James Graham is one of the nation’s finest playwrights. After seeing This House for a second time this past Tuesday, that statement is undoubtable in my mind.
Graham – whose works have included the Channel 4 film Coalition, The Vote at the Donmar Warehouse, Labour of Love at the Noel Coward theatre (which just won the Olivier for Best New Comedy) and Ink – has a very specific style of witty comedy mixed with the drama of characters deeply in conflict with themselves over the right thing to do. And, more often than not, his characters are people whose actions can change the course of history.
James Graham’s characters are people whose actions can change the course of history
This is certainly the case for the play which arguably made his name, This House, which premiered at the National Theatre in 2012 and has enjoyed a West End revival in 2016 and now a tour. It tells the story of the 1974-79 Labour government, which was originally elected as a minority government, then gained a majority of three. By focusing on the rival Tory and Labour whips offices, Graham presents the drama of two sides scrambling to put things into motion in little more than a deadlock.
The Labour whips’ office is made up of the “Cockney geezer” Bob Mellish (Martin Marquez), Big Ben enthusiast Michael Cocks (Tony Turner), and first female whip, Ann Taylor (Natalie Grady). All three give very respectable performances, capturing both the comedy of their roles and the determination. This can equally be said for the Tory deputy whip Jack Weatherill (Matthew Pidgeon). However, the true heart of the show has to be James Gaddas as Labour deputy whip Walter Harrison. Confident in a kind of low-key way, he swaggers through the first half of the show before revealing a full range of emotion in act two as his character has to decide how much he will do to keep Labour in power.
These visual representations make complicated political concepts easy for the audience to understand
The task is different for the ensemble members. They are called upon to perform about half a dozen characters each and their characters are broad and often very entertaining. While they might not be given a chance to show as much emotional range, the display of accents from all parts of the UK has to be commended. The co-production team of the National Theatre and Headlong is visible in the ensemble nature of the show. It is fully taken advantage of by directors Jeremy Herrin and Jonathan O’Boyle, most notably in the ‘dance sequences’. For instance, the David Bowie song ‘Five Years’ is played as the ensemble of MPs vote and drag themselves around Parliament, showing the exhaustive deadlock between both sides.
The script itself is incredibly winning. The jokes, character sketches and ridiculous stories from 1970s Parliament quickly win over an audience which at first cannot help but be worried by the historical content. A challenge in the writing is how to convey the historical events and characters to people who might not be aware of them. This is further complicated by the use of constituencies rather than names in a lot of cases (Thatcher is only ever referenced as Finchley). There is a note in the programme, but it might have been easier to throw in some names of major figures to put people at ease.

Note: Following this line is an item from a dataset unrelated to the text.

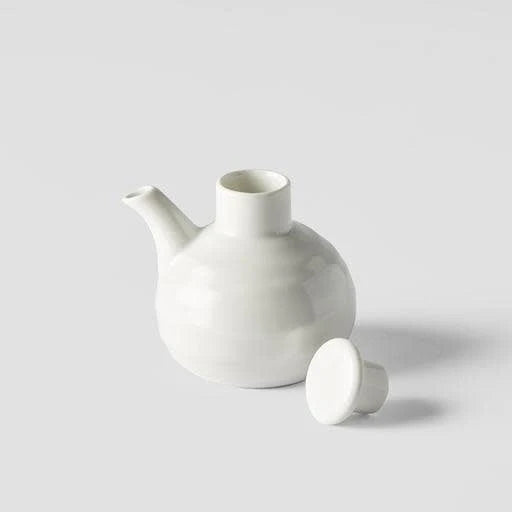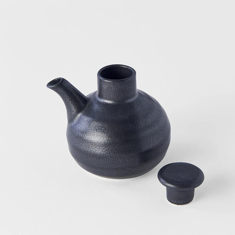 Enjoy this modern design soy pourer- a handcrafted piece that combines Japanese tradition with contemporary design. Perfect for soy sauce, vinegar, or other seasonings. Fired at high temperatures and hand-finished in Japan, each pot is carefully crafted to offer seasoning precision for Asian cuisine.

There were quiet cheers when Birmingham was mentioned and some hisses during Thatcher’s first speech as PM
However, this detail is easily forgivable considering the care Graham puts into explaining the dilemma of winning votes in Parliament for a Labour party with either a small or non-existent majority. A blackboard is used in act one to show how many members each party has and how the whips have to win over the “odds and sods” – the MPs from smaller parties. In act two, the loss of the pairing agreement between government and opposition results in nursing mothers and recovering patients being brought into Parliament. These visual representations make complicated political concepts easy for the audience to understand. It might occasionally feel like a civics lesson but if so, it’s the best civics lesson you’ve ever had.
The engagement of the audience could very much be felt. There were quiet cheers when Birmingham was mentioned and some hisses during Thatcher’s first speech as PM. Members of the audience were seated on stage on green benches, representing the Chamber, and they often engage in voting along with members of the cast.
But more than entertaining an audience with titbits from the past, Graham and the cast and crew present a story which is necessary in making us think about what politics should be. The practice of politics goes from being a game (they bet on outcomes) to literally life and death at the end, and it isn’t clear what is the ideal. The parallels with the present are frightening: like in 1974, the government does not have a majority and Big Ben is no longer ringing.